Muscle = Metabolism: Prepare For Growth
by Dr. Kareem F. Samhouri, CSCS, HFS
Neuro Metabolic & Strength Expert
Building enough strength to support your body’s metabolism is the first step in any good fat loss program after you’ve ‘activated’ your nervous system. There are many reasons for this, but here are my top 3:
- Muscle raises your metabolism and makes fat loss much easier
- Losing fat and having no muscle looks weird and awkward
- Muscle pads and protects joints, which contributes to your long-term fitness success
Your body craves muscle; it really does. By building a solid base of muscle, and remaining within your intended BMI (body mass index = weight in kg divided by height in meters squared —> kg/m2), you are signaling to your body that you’re ready for growth, in some form. In other words, you are toughening your body, so it will allow you to do more stuff, such as lose fat and look great, or become an avid runner, or take the children to the park and not get out of breath when you play with them.

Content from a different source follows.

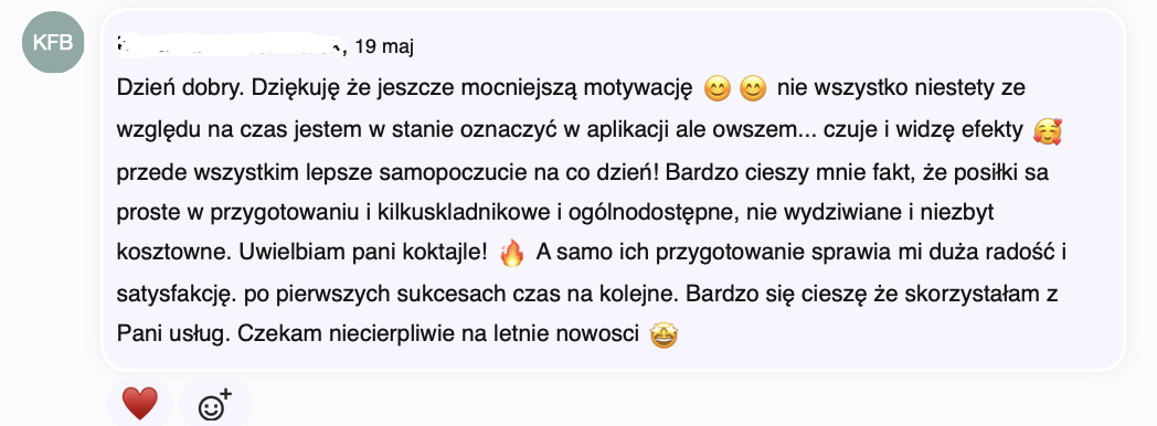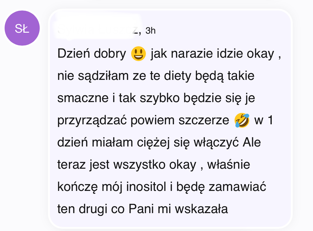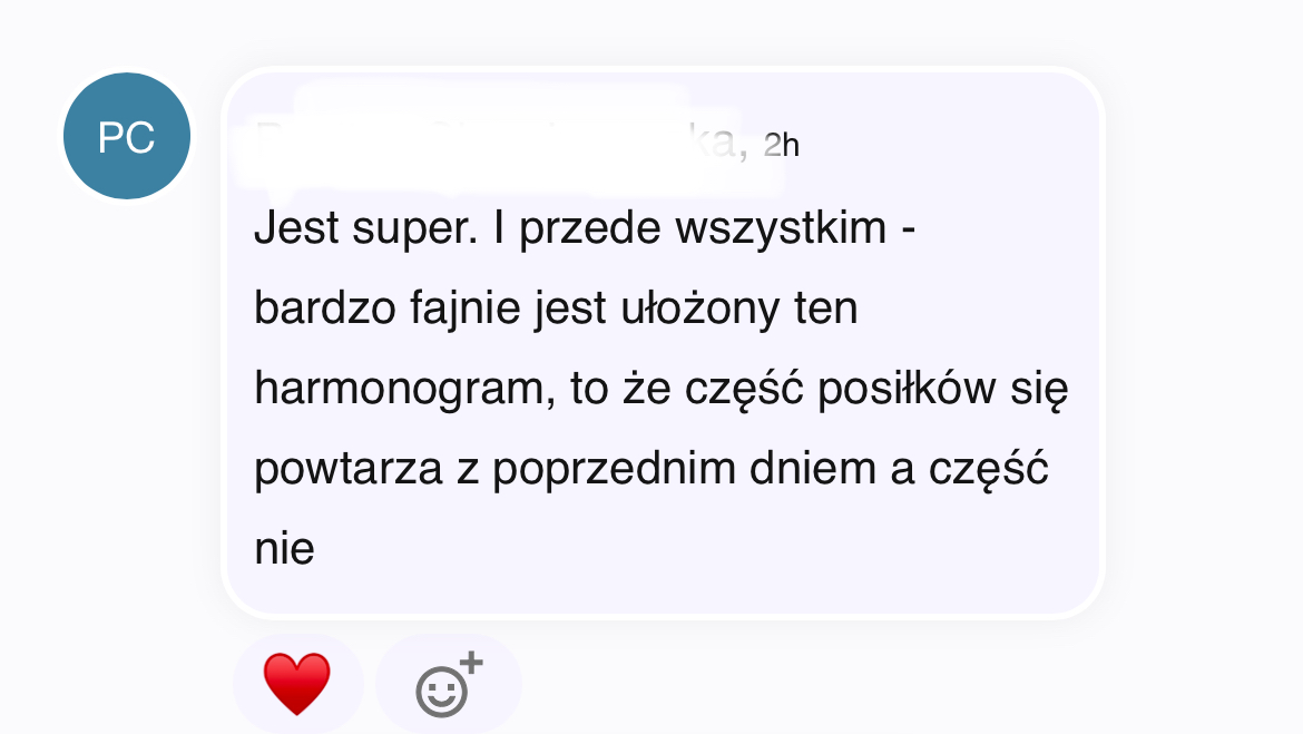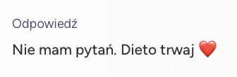 Odpowiadam ja, dietetyk (nie automat), ale forma kontaktu ma na celu wspieranie Cię w codziennym korzystaniu z planu, a nie zastępowanie pełnej konsultacji.

Every time that you communicate with your body and ask for enhanced performance, your body asks itself whether or not its ready. It’s looking for the following signals, in order to determine if it’s going to wait:
- Is my heart ready? Can it handle this intensity of activity?
- Are my bones ready? Will they break if I try this?
- Are my ligaments ready? Will they get sprained if I try this?
- Are my muscles ready to absorb the shock and self-repair?
- Am I in pain? Do any of my joints seem out of place and likely to cause damage?
- Is my body working on a more important system right now that takes precedence? (i.e. am I suffering from Diabetes and just trying to balance out my blood sugar?)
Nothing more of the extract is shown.